YOUR ASSIGNMENT: Transcribe nothing except the lines below that run from the one with "Kremowa zupa kalafiorowa" to the one with "プールサイドに移動し、プール", ends included, and do not copy any picture.

#### DATA SECTION

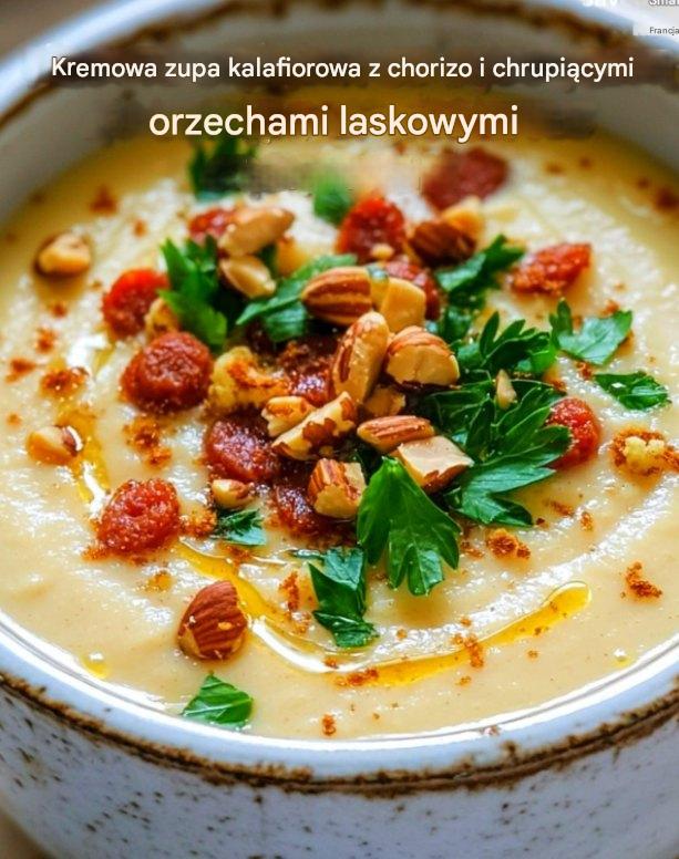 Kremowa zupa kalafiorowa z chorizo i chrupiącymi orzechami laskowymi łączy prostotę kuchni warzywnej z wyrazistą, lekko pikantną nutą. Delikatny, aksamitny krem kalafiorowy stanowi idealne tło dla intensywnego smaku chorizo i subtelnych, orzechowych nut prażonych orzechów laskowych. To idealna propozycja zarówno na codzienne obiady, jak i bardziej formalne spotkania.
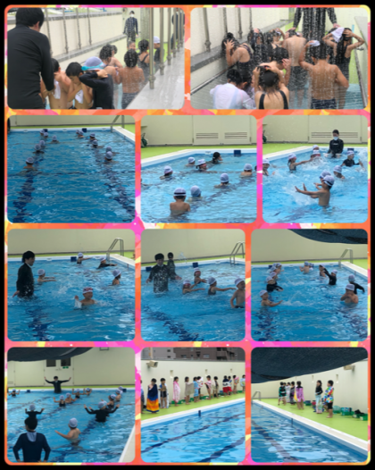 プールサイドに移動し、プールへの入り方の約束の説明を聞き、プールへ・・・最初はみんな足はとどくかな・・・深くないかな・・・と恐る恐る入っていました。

########
#### DATA SECTION

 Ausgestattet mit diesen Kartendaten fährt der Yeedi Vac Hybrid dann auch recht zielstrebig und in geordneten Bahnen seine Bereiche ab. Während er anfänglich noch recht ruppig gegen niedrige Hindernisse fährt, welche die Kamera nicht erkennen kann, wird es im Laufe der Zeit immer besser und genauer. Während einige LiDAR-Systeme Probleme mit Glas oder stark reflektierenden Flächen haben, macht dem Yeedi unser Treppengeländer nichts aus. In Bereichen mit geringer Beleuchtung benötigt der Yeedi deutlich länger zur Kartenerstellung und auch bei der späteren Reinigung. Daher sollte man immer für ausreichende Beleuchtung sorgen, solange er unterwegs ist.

########
#### DATA SECTION

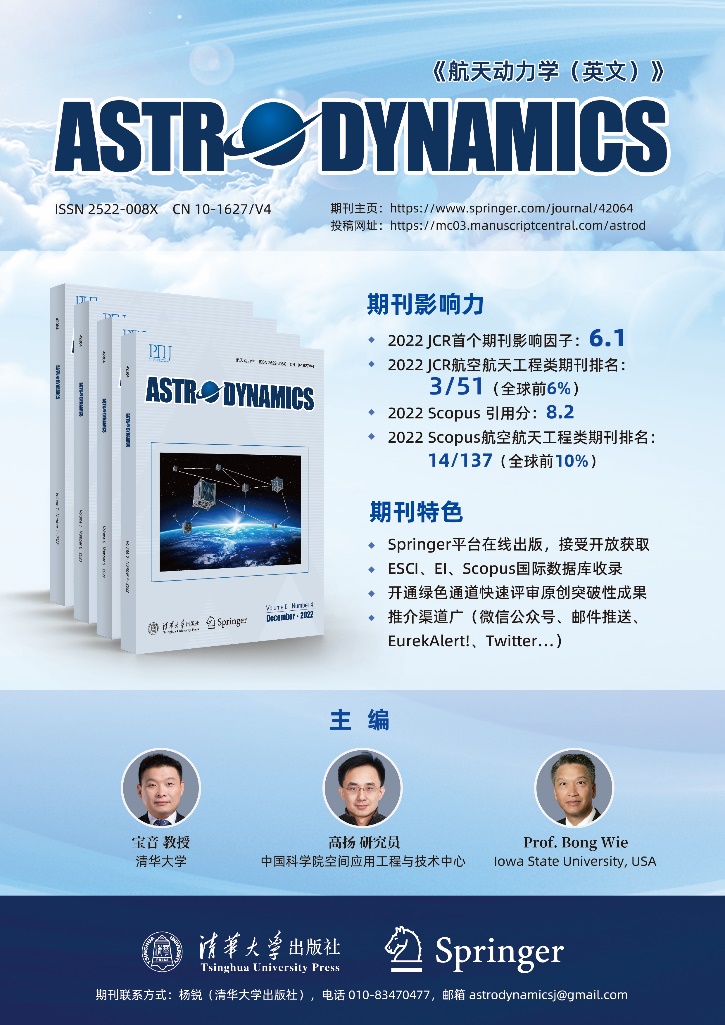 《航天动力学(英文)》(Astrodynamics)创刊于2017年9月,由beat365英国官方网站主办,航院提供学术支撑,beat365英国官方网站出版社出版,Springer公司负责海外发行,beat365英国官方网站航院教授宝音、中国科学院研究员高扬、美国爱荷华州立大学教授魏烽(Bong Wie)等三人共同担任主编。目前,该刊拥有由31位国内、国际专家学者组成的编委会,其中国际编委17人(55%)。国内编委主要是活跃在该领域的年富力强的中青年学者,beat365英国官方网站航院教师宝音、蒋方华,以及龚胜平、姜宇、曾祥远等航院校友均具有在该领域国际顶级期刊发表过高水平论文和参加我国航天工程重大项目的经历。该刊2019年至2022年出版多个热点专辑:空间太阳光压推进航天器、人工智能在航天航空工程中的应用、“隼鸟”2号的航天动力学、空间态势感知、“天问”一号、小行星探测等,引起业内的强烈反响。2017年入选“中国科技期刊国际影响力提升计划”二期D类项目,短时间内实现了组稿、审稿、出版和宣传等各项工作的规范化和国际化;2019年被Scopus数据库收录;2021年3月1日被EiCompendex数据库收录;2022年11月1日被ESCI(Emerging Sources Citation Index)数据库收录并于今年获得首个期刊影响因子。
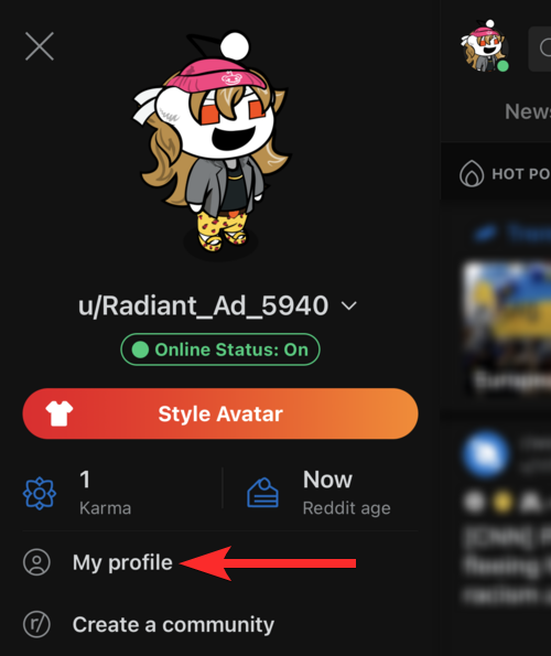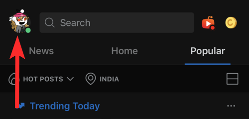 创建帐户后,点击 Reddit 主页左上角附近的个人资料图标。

########

EXPECTED ANSWER:
 Kremowa zupa kalafiorowa z chorizo i chrupiącymi orzechami laskowymi łączy prostotę kuchni warzywnej z wyrazistą, lekko pikantną nutą. Delikatny, aksamitny krem kalafiorowy stanowi idealne tło dla intensywnego smaku chorizo i subtelnych, orzechowych nut prażonych orzechów laskowych. To idealna propozycja zarówno na codzienne obiady, jak i bardziej formalne spotkania.
 プールサイドに移動し、プールへの入り方の約束の説明を聞き、プールへ・・・最初はみんな足はとどくかな・・・深くないかな・・・と恐る恐る入っていました。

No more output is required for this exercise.